Once the boiler has been tested and all seems fine, the clean-up process can get underway. This may or may not involve the old boiler being disposed of, depending on what you’d like to do with it once the new boiler is in place.




Additional Work You May Need When Getting a New Boiler

When having a combi boiler fitted, there is plenty of additional work you may wish to have undertaken at the same time. For example, you may wish to have new radiators fitted. To have an old radiator replaced will likely cost between £150 and £250.

If you’d like to have a new radiator added without an old one to replace, you’re looking at a price range of between £250 and £350. The price tag of moving a radiator on the other hand will probably end up around £120 to £180.

DIY Combi Boiler Installation

Unfortunately, fitting a combi boiler is not something you should do by yourself. Any boiler needs to be installed by a registered and experienced individual. The main reasons for this are for safety and to ensure that the work meets building regulations.

Further, in the case of a gas combi boiler, there are even more risks associated. Either way, it’s not a job that should be undertaken DIY. A registered contractor will be able to review the installation and make sure that everything is safe and working okay.

Potential Problems and Pitfalls

Having a combi boiler fitted can come with challenges. For example, your property or aspects of your property (e.g. the gas supply) may not be suited to a combi boiler.
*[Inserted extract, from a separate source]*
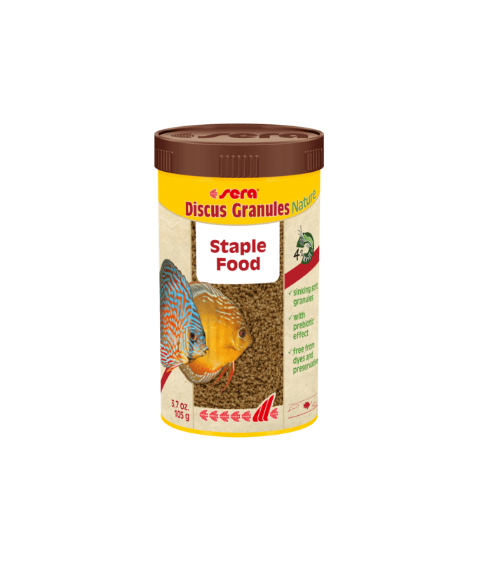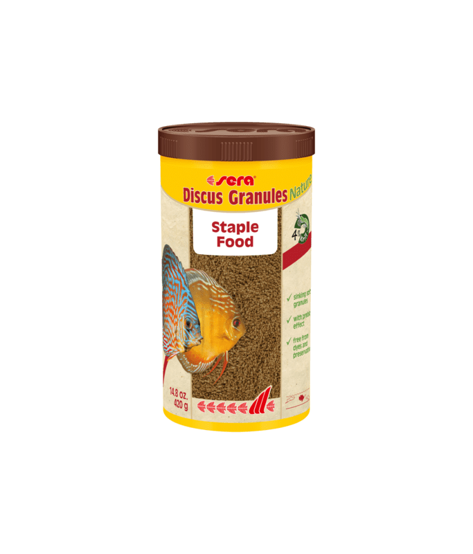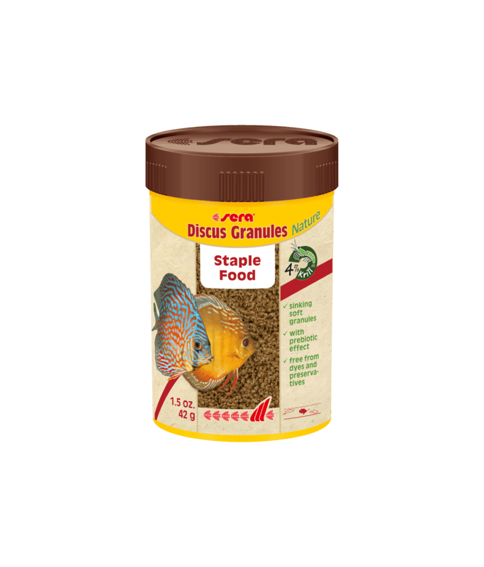 sera Discus Granules Nature is the staple food without dyes and preservatives consisting of gently manufactured soft granules for all discus fish (including fry) and other demanding ornamental fish.

Even when installed, issues can arise in general with combi boilers. Such disadvantages include difficulties in meeting a high water demand and a relatively slow water rate.

As for common fixes, firstly, your boiler indicates lower pressure and you need to find a solution. If this is the case, you’ll need to look for the fillip loop which is generally beneath the boiler before turning the small tape in a counter-clockwise direction. If the pressure begins to rise again as it should, then once it reaches approximately 1.5 bars, you can turn the tap back in a clockwise direction.

If your combi boiler experiences a frozen or blocked condensate, first you should try pouring hot water from a kettle in an effort to thaw out the condensate. Then the pipe should be removed below the boiler before you can drain it into a bucket.

If the problem continues to repeat, consider having a condensate trace heater retro-fitted. If the heating fails to work, you may need to replace the batteries. If the replacement is complete within a minute, the settings you’ve selected for the temperature and time should remain. Otherwise, you’ll likely need to reset the combi boiler’s settings.

As for maintenance, cleaning dirt and debris from the boiler and repairing any parts which become damaged are essential steps in prolonging the life of a heating system. You should also assess its internal parts from time to time. The boiler casing should also be removed and cleaned from time to time.

Powerflushing is often required and may or may not be included in the cost of having a combi boiler installed. On its own, a power flush generally costs about £400. It’s best practice to have your combi boiler serviced at least once a year.